BATCH_SIZE = 64             # Increase to 64~96 if GPU memory allows
NUM_EPOCHS = 15             # Adjust based on convergence (10~20 is usually enough)
LEARNING_RATE = 0.001
NUM_CLASSES = 200           # CUB-200 has 200 bird species

In [None]:
# =============================================================================
# 3. Load Dataset from Hugging Face
# =============================================================================
# Transforms
train_transform = transforms.Compose([
    transforms.Resize(256),
    transforms.RandomResizedCrop(224),
    transforms.RandomHorizontalFlip(),
    transforms.RandomRotation(15),
    transforms.ToTensor(),
    transforms.Normalize(mean=[0.485, 0.456, 0.406], std=[0.229, 0.224, 0.225])
])

test_transform = transforms.Compose([
    transforms.Resize(256),
    transforms.CenterCrop(224),
    transforms.ToTensor(),
    transforms.Normalize(mean=[0.485, 0.456, 0.406], std=[0.229, 0.224, 0.225])
])

# Load dataset
print("Loading dataset from Hugging Face...")
dataset = load_dataset("bentrevett/caltech-ucsd-birds-200-2011")

# Custom Dataset wrapper
class CUBDataset(torch.utils.data.Dataset):
    def __init__(self, hf_dataset, transform=None):
        self.hf_dataset = hf_dataset
        self.transform = transform

    def __len__(self):
        return len(self.hf_dataset)

    def __getitem__(self, idx):
        item = self.hf_dataset[idx]
        image = item['image'].convert('RGB')
        label = item['label']
        if self.transform:
            image = self.transform(image)
        return image, label

# Create datasets
train_dataset = CUBDataset(dataset['train'], transform=train_transform)
test_dataset  = CUBDataset(dataset['test'], transform=test_transform)
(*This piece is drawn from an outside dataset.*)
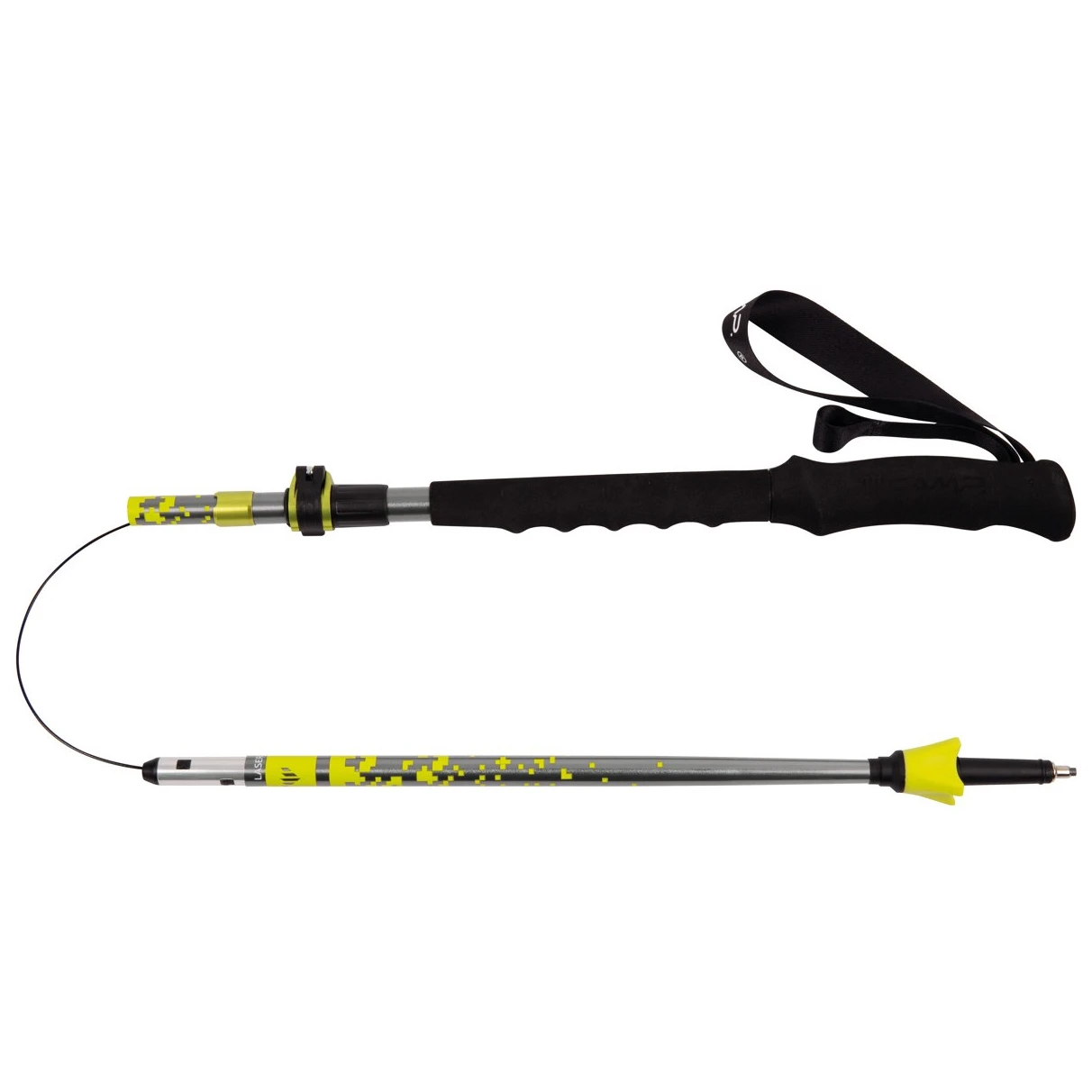 Sklopivi aluminijski treking štapovi Laser Adj marke Camp dizajnirani su za najzahtjevnije ture koje zahtijevaju preciznu kombinaciju lakoće, performansi i pouzdanosti. Konopac od nehrđajućeg čelika presvučen poliamidom i oblikovani spojevi segmenata olakšavaju i ubrzavaju montažu. Gornji segment opremljen je brzim i sigurnim sustavom zaključavanja za podešavanje od 115 do 135 cm. Dvostruko produžene ergonomske ručke od pjene dizajnirane su za dobro prianjanje u bilo kojem položaju, a ergonomske trake za zapešće izrađene su od mekog materijala za izvrsnu udobnost. Vrhovi od karbida za najbolje prianjanje i izdržljivost.

# Split train into train + val
train_size = int(0.85 * len(train_dataset))
val_size = len(train_dataset) - train_size
train_ds, val_ds = random_split(train_dataset, [train_size, val_size])

# DataLoaders
train_loader = DataLoader(train_ds, batch_size=BATCH_SIZE, shuffle=True,
                          num_workers=2, pin_memory=torch.cuda.is_available())

val_loader = DataLoader(val_ds, batch_size=BATCH_SIZE, shuffle=False,
                        num_workers=2, pin_memory=torch.cuda.is_available())

test_loader = DataLoader(test_dataset, batch_size=BATCH_SIZE, shuffle=False,
                         num_workers=2, pin_memory=torch.cuda.is_available())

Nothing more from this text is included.